(Entries taken from a collection)
·····
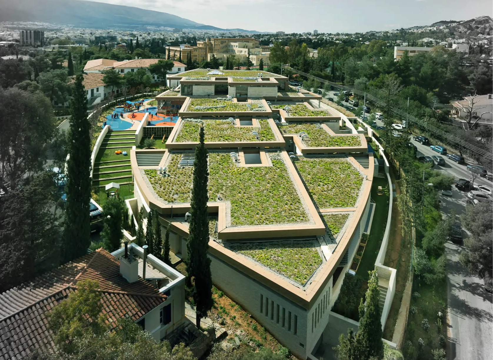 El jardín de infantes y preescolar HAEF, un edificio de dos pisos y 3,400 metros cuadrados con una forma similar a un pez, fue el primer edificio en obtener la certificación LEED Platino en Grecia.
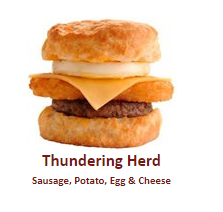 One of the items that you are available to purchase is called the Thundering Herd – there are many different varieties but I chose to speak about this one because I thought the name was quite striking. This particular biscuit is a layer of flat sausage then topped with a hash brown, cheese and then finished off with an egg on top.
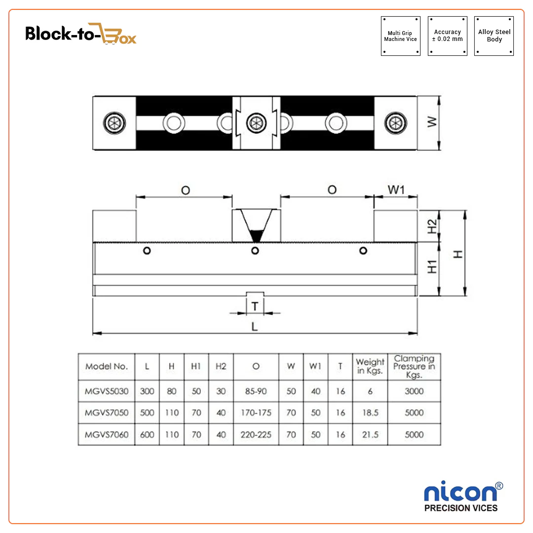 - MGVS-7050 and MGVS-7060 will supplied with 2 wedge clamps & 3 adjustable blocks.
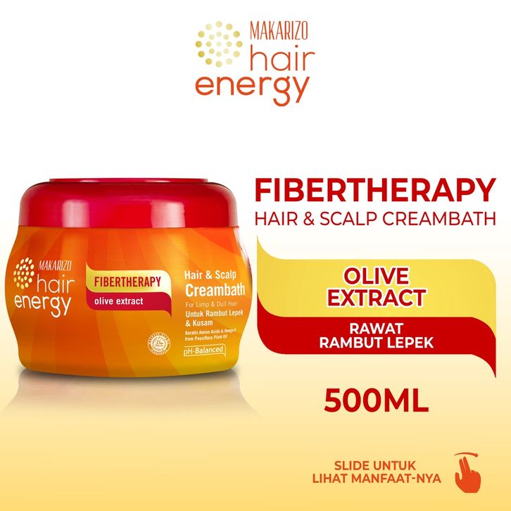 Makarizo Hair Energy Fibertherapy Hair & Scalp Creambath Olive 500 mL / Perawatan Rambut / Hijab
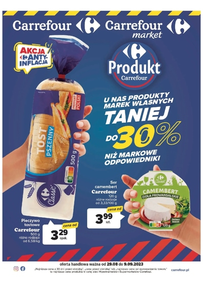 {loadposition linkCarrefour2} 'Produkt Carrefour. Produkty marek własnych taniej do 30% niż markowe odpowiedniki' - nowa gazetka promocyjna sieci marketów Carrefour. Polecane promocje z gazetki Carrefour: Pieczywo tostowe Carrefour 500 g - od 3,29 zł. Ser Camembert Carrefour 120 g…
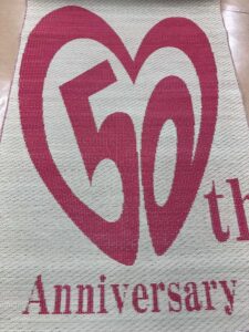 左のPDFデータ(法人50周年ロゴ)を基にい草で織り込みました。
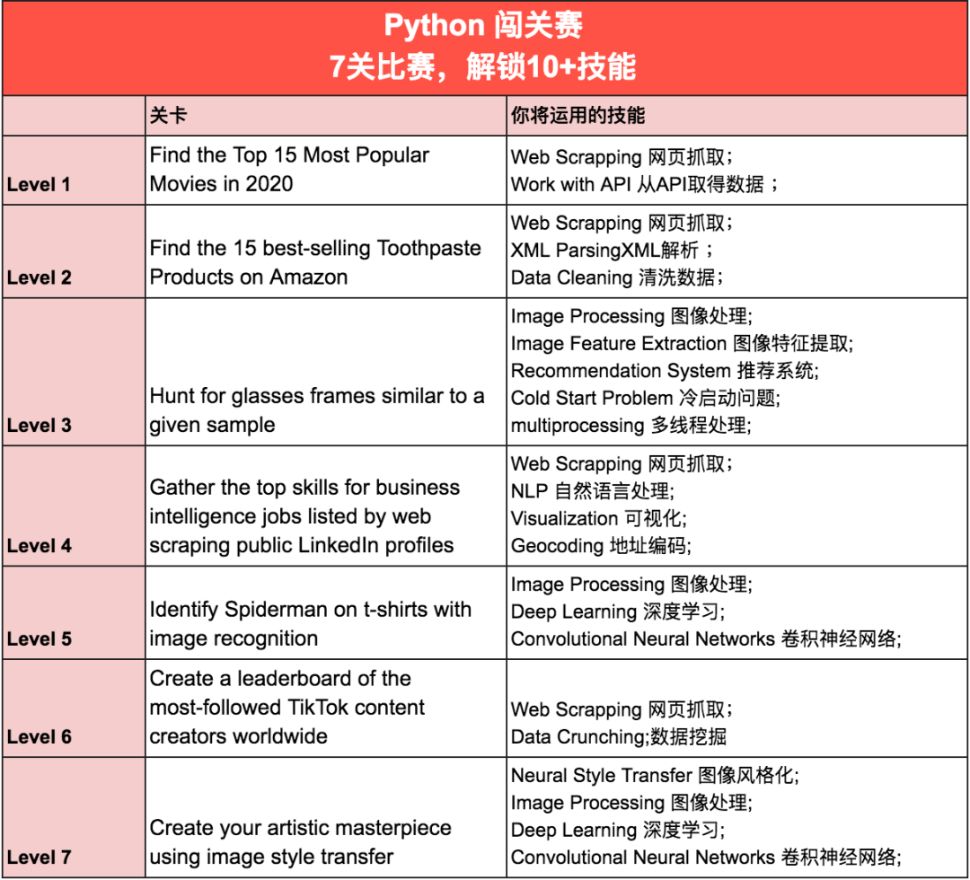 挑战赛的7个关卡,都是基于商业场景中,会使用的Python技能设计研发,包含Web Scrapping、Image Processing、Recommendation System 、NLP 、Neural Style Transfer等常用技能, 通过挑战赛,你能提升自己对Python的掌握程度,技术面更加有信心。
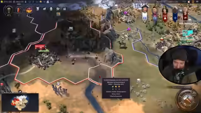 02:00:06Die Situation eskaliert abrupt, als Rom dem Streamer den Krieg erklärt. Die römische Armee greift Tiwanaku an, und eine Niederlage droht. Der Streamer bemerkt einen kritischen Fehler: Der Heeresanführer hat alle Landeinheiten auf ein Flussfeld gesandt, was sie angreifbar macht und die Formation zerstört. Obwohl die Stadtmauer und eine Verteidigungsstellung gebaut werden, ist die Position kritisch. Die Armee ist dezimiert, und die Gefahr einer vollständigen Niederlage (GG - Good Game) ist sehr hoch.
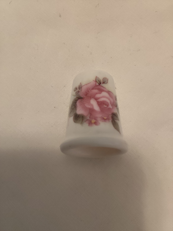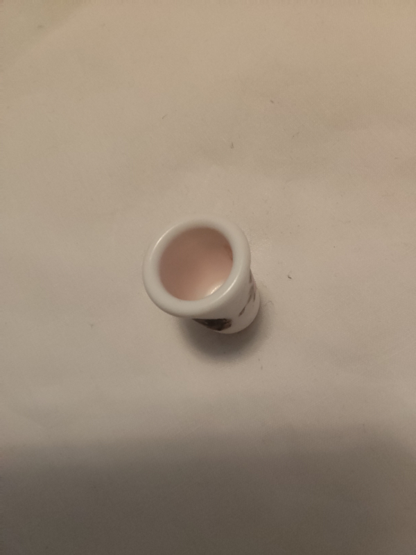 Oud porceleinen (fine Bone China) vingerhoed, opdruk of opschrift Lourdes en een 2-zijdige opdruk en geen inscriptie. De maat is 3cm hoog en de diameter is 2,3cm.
·····
ASSIGNED TASK. No pictures should appear in the answer, which is to be the lines from the line with "Style Transfer等常用技能, 通过挑战赛,你能提升自己对Python的掌握程度,技术面更加有信心。" through the end of the records above, restated exactly.

ANSWER SECTION.
 挑战赛的7个关卡,都是基于商业场景中,会使用的Python技能设计研发,包含Web Scrapping、Image Processing、Recommendation System 、NLP 、Neural Style Transfer等常用技能, 通过挑战赛,你能提升自己对Python的掌握程度,技术面更加有信心。
 02:00:06Die Situation eskaliert abrupt, als Rom dem Streamer den Krieg erklärt. Die römische Armee greift Tiwanaku an, und eine Niederlage droht. Der Streamer bemerkt einen kritischen Fehler: Der Heeresanführer hat alle Landeinheiten auf ein Flussfeld gesandt, was sie angreifbar macht und die Formation zerstört. Obwohl die Stadtmauer und eine Verteidigungsstellung gebaut werden, ist die Position kritisch. Die Armee ist dezimiert, und die Gefahr einer vollständigen Niederlage (GG - Good Game) ist sehr hoch.
 Oud porceleinen (fine Bone China) vingerhoed, opdruk of opschrift Lourdes en een 2-zijdige opdruk en geen inscriptie. De maat is 3cm hoog en de diameter is 2,3cm.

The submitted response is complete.